Records from a collection:
--

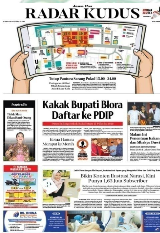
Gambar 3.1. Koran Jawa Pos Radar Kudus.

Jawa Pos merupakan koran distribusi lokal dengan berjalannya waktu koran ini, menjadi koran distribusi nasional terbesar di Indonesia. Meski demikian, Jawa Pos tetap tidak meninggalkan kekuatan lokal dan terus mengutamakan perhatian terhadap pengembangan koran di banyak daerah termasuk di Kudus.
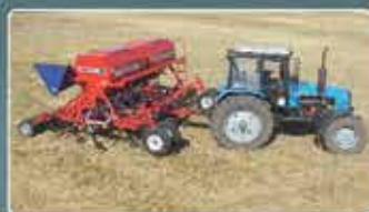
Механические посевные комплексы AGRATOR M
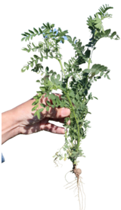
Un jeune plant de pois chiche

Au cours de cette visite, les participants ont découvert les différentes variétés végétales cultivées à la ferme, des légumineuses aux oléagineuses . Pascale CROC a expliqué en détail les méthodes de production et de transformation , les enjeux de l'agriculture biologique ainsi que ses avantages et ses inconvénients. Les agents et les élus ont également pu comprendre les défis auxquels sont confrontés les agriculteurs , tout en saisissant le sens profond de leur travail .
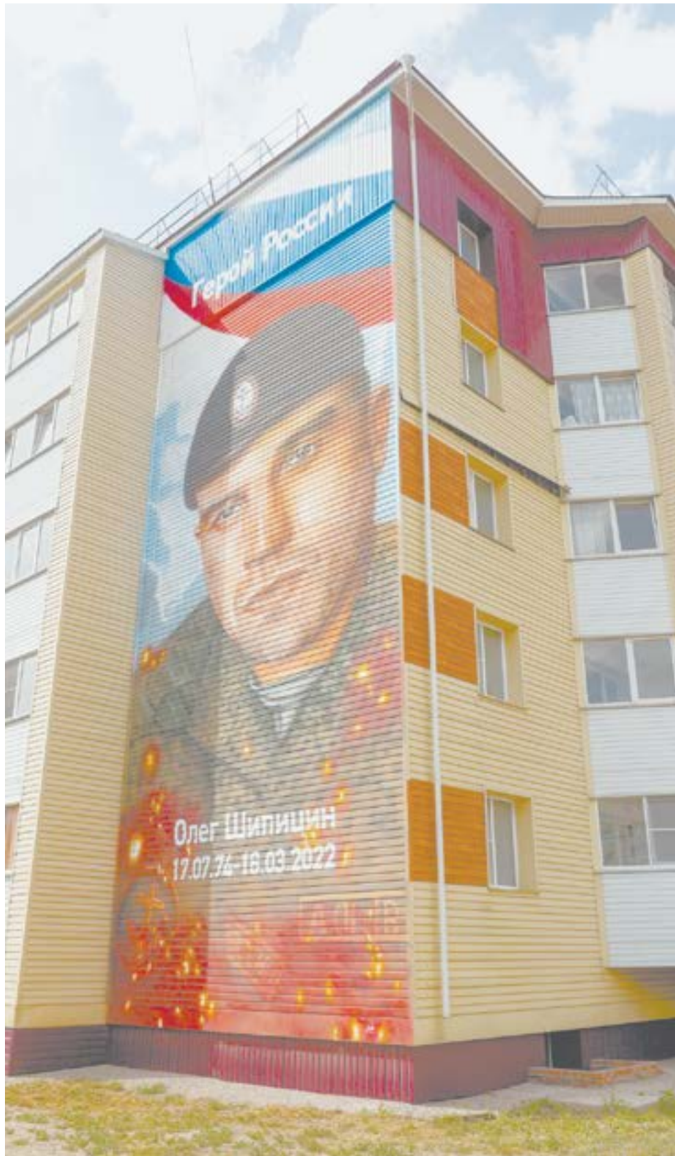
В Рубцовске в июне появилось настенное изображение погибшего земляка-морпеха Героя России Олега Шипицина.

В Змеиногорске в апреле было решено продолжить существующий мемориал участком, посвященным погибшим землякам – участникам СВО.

--

What to do -
Print, exactly as written, the lines above from the first one to the one containing "Механические посевные комплексы AGRATOR M". Leave out pictures.

Result of the exercise -
Gambar 3.1. Koran Jawa Pos Radar Kudus.

Jawa Pos merupakan koran distribusi lokal dengan berjalannya waktu koran ini, menjadi koran distribusi nasional terbesar di Indonesia. Meski demikian, Jawa Pos tetap tidak meninggalkan kekuatan lokal dan terus mengutamakan perhatian terhadap pengembangan koran di banyak daerah termasuk di Kudus.
Механические посевные комплексы AGRATOR M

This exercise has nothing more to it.